■ ASSIGNED TASK
Every line from the one containing "Date financiare şi" through the end of the listing below goes in the output, exactly and without pictures.

------ SUPPLIED ENTRIES ------

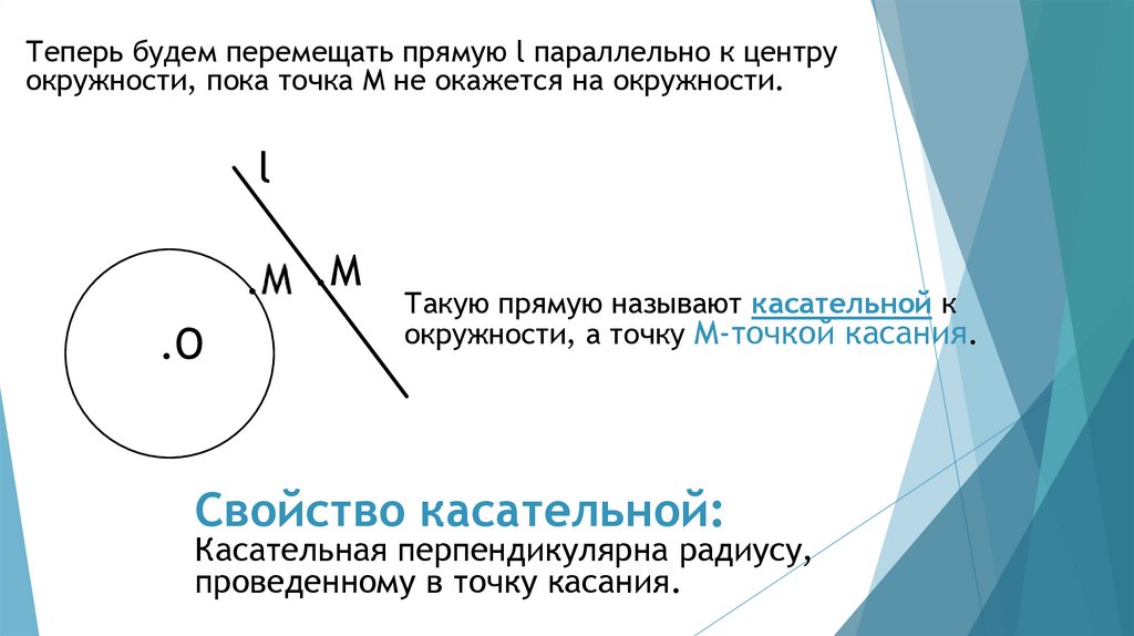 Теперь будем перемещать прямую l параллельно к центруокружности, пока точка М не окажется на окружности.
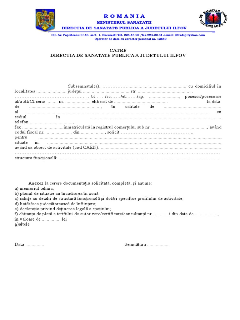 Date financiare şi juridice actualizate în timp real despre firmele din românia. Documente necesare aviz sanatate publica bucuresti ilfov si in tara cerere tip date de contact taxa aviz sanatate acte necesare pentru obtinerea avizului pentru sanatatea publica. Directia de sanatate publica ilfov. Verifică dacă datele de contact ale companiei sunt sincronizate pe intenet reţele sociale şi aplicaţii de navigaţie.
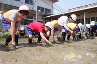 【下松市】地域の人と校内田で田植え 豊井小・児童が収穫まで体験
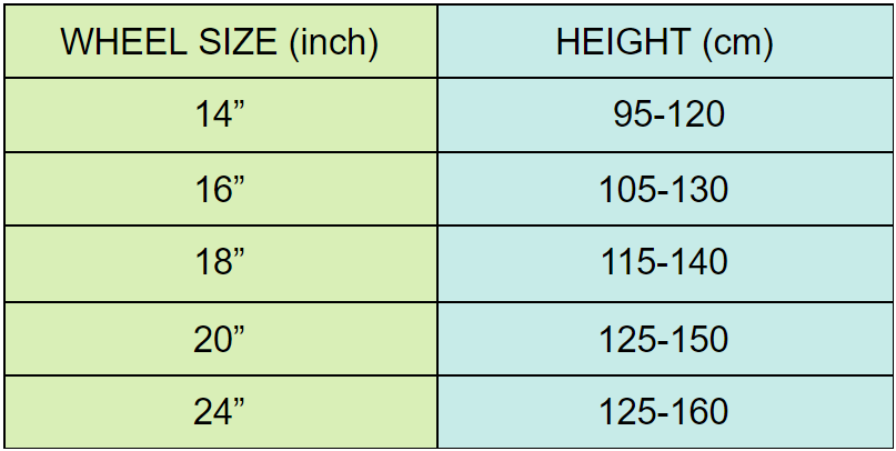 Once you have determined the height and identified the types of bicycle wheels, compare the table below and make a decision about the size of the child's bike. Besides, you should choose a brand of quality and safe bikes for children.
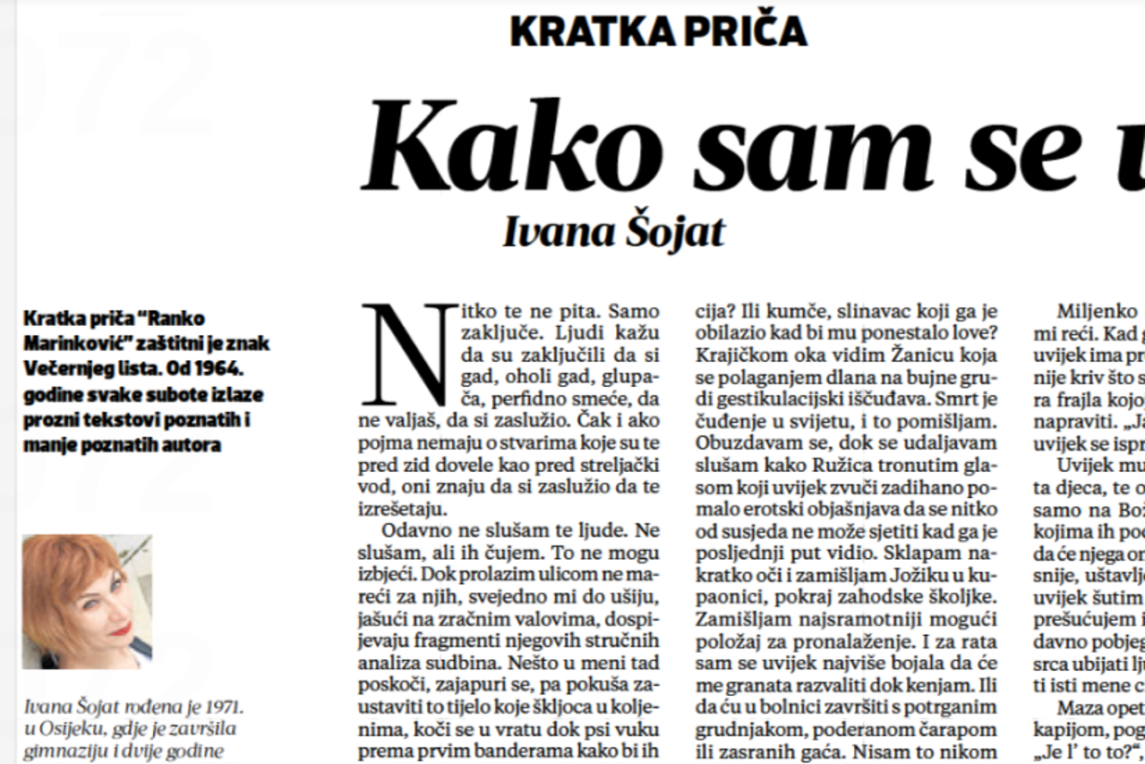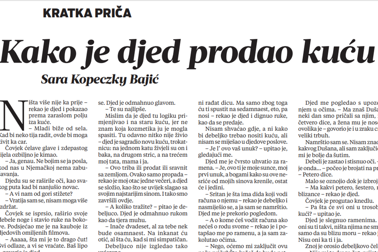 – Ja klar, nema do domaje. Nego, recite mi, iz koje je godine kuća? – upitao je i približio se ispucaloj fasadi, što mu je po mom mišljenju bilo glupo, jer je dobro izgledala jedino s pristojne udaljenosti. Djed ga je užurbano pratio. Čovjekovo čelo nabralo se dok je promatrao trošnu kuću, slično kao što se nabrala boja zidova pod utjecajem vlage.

------

■ ANSWER BOX
 Date financiare şi juridice actualizate în timp real despre firmele din românia. Documente necesare aviz sanatate publica bucuresti ilfov si in tara cerere tip date de contact taxa aviz sanatate acte necesare pentru obtinerea avizului pentru sanatatea publica. Directia de sanatate publica ilfov. Verifică dacă datele de contact ale companiei sunt sincronizate pe intenet reţele sociale şi aplicaţii de navigaţie.
 【下松市】地域の人と校内田で田植え 豊井小・児童が収穫まで体験
 Once you have determined the height and identified the types of bicycle wheels, compare the table below and make a decision about the size of the child's bike. Besides, you should choose a brand of quality and safe bikes for children.
 – Ja klar, nema do domaje. Nego, recite mi, iz koje je godine kuća? – upitao je i približio se ispucaloj fasadi, što mu je po mom mišljenju bilo glupo, jer je dobro izgledala jedino s pristojne udaljenosti. Djed ga je užurbano pratio. Čovjekovo čelo nabralo se dok je promatrao trošnu kuću, slično kao što se nabrala boja zidova pod utjecajem vlage.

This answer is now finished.